I really don't know that it does.  I taught myself to sew when I was pregnant with my oldest boy (like a huge part of the sewing population.) I love designer fabrics (like a huge part of the sewing population.)  I like to make functional items (like a huge part of the sewing population.)  (I think I'm like a sheep.  Following the herd.)  


But, I do have a degree in visual art, so I might approach things a little differently than some people.  Not that my way is any better or worse than anyone else's, just different.  I tend to overanalyze color choices and composition.  And I get stuck on perfection.  Not that my projects are perfect, but that I feel bad if they aren't as good as other people's projects and then freak out and hide in a corner eating my hair.  Not really.  But that's a close description.

Designing my own quilt patterns is really, really hard for me.  I never think they're good enough, so I tend to stick to what others have already done.  Which is good for the pattern writing community.  But makes me feel like I'm not creative enough.

I also tend to do my own thing.  I'm learning to let my freak flag fly.  I occasionally like to go to a sewing circle at a local quilt shop.  It's a group of mostly grandmas, who are very traditional quilters (batiks, complicated patterns, proper techniques.)  I especially like it when they say things like "you're going to put that color with that one?" Or "Wow, that's a really interesting project you have going over there.  That's not how I was taught, but good for you for not following the rules."  Um, ok.  

I'm in the Seattle Modern Quilt Guild.  I joined because it's the community that most closely fits what I like to do.  We have similar taste in fabric, techniques, and overall output, though as I stated above, I still do my own thing, which may or may not be "modern quilting."

4. Why do I write/create what I do?

I love to create.  When I haven't had a chance to immerse myself in my latest creating obsession I feel lost.  Creating is something that I can do that has spanned my entire life, though childhood, college, being a mother.  It makes me feel happy, sane, and whole.
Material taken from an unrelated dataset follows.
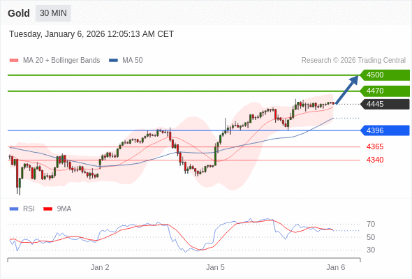 在 4396 之上,看涨,目标价位为 4470 ,然后为 4500 。

I am in love with the idea of living purposefully; function is so important to me.  I like the idea of the things I create being used.  Potholders, dishtowels, quilts, table runners...they all give me a little thrill to see around my house.  
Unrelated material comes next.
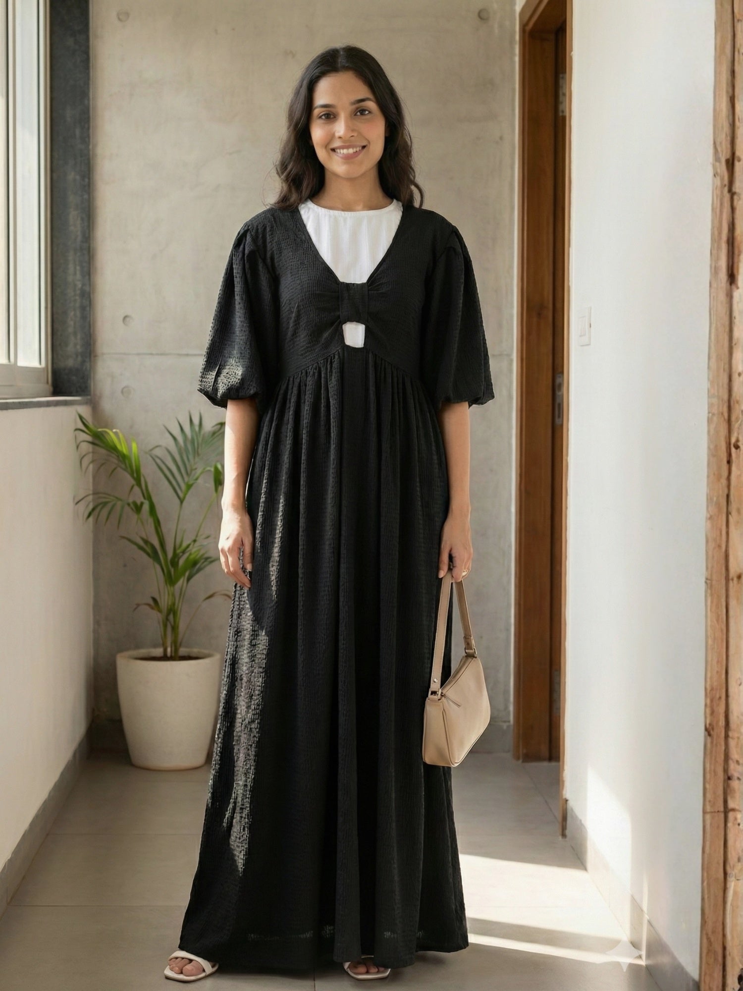 YEZWE Modest Maxi Dress in Black with Elegant Puff Sleeves and Fitted Waist Design

As far as writing--I'm definitely not where I want to be yet.  I don't share my recipes with you all because I really took Martha Stewart's words to heart.  Which is stupid, because even though she is an amazing overachiever, she's not necessarily right.  I have lots of thoughts on this, but I'll save them for another day.  In spite of that, I'd love to one day write a cookbook that features healthy, everyday, allergen-friendly recipes with beautiful pictures and a gorgeous hardback binding.  (You hear me, book publishers???)  Someday I will get there.
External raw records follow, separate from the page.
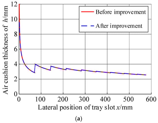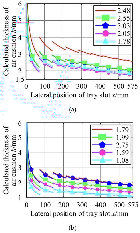 Secondly, the thickness of the air cushion at the lateral center of the tray slot approached infinity. Combining Equation (8) with Figure 6, it could be seen that this was because the lateral change gradient of the air cushion static pressure at this position was 0, and the gas flow rate at this position was considered to be 0.5 times the flow rate of the first exhaust hole, which was a finite value. As a result, the ratio of the two tended to infinity, and the thickness of the air cushion at this position could not be determined.
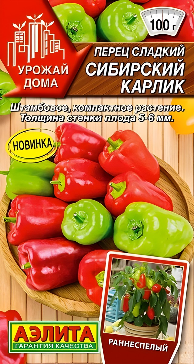 Перец сладкий Сибирский карлик, 10 шт. Урожай дома
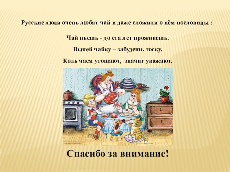 Слайд 13Русские люди очень любят чай и даже сложили о нём пословицы

5. How does my creating process work?

I love to look at my Instagram feed to see who is posting what for inspiration.  I love the work of Heather Braunlin-JonesMaureen CracknellHeather RossAmanda Jennings, and Anna Maria Horner.  I also check out Pinterest, and I have a few blogs that I read regularly.  Sometimes I look through my small collection of crafting books.  All of these things give me a steady stream of new ideas.

Once I get stuck on an idea I sketch it out.  I have sketchbooks and binders full of little drawings, quotes, and diagrams.  Most of the time they wait patiently, but sometimes I get obsessive and have to make whatever it is RIGHT NOW.  And then I get into this zone, where I can't hear anything, I don't see the mess in my house, I forget to eat, I'm covered with thread or paint, and life is so good.  I love that zone.  It's my most happy place.

And now I'm going to tag my friend Christine.  She taught me to paper piece (three times, ahem) and I'm forever grateful.  She has a beautiful blog and a beautiful book (with Diane Gilleland.)  She quilts, writes patterns and books, teaches, paints, and has sheep, so she's pretty much amazing in my book.


Debbie said...

Fun post, Jessie. I enjoy your 'voice'.

Jessie Keating said...

Aw, thanks Debbie!

duckyhouse said...

I'm a self admitted Heather Ross hoarder too! So hard to cut into the stuff and so silly all at the same time :)

Jessie Keating said...

It really is silly. It's just fabric.